— WORK INSTRUCTION —
Nothing outside the stretch is wanted. Repeat exactly the lines of the listing below from the one that contains "茂德公 辣椒酱香辣牛肉酱鱼仔酱鸡丁香辣酱下饭酱100g*3瓶旅行礼盒装" through the one that contains "Two terms that", both ends included.

— DATASET EXTRACT —

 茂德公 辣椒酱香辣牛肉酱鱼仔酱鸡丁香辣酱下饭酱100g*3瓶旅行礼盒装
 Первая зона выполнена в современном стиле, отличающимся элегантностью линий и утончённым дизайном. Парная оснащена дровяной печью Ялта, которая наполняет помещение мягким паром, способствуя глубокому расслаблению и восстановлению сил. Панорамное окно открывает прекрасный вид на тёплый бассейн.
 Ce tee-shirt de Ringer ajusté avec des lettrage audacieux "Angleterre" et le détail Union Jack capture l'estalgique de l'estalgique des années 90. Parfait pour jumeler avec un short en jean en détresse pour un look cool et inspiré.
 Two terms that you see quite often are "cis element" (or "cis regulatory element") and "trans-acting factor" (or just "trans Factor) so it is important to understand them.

...

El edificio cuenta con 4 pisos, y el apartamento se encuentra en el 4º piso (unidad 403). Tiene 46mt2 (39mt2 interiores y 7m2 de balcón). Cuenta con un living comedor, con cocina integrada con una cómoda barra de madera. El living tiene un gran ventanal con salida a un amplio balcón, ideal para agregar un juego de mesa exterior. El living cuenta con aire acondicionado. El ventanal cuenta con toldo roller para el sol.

— YOUR RESPONSE —
 茂德公 辣椒酱香辣牛肉酱鱼仔酱鸡丁香辣酱下饭酱100g*3瓶旅行礼盒装
 Первая зона выполнена в современном стиле, отличающимся элегантностью линий и утончённым дизайном. Парная оснащена дровяной печью Ялта, которая наполняет помещение мягким паром, способствуя глубокому расслаблению и восстановлению сил. Панорамное окно открывает прекрасный вид на тёплый бассейн.
 Ce tee-shirt de Ringer ajusté avec des lettrage audacieux "Angleterre" et le détail Union Jack capture l'estalgique de l'estalgique des années 90. Parfait pour jumeler avec un short en jean en détresse pour un look cool et inspiré.
 Two terms that you see quite often are "cis element" (or "cis regulatory element") and "trans-acting factor" (or just "trans Factor) so it is important to understand them.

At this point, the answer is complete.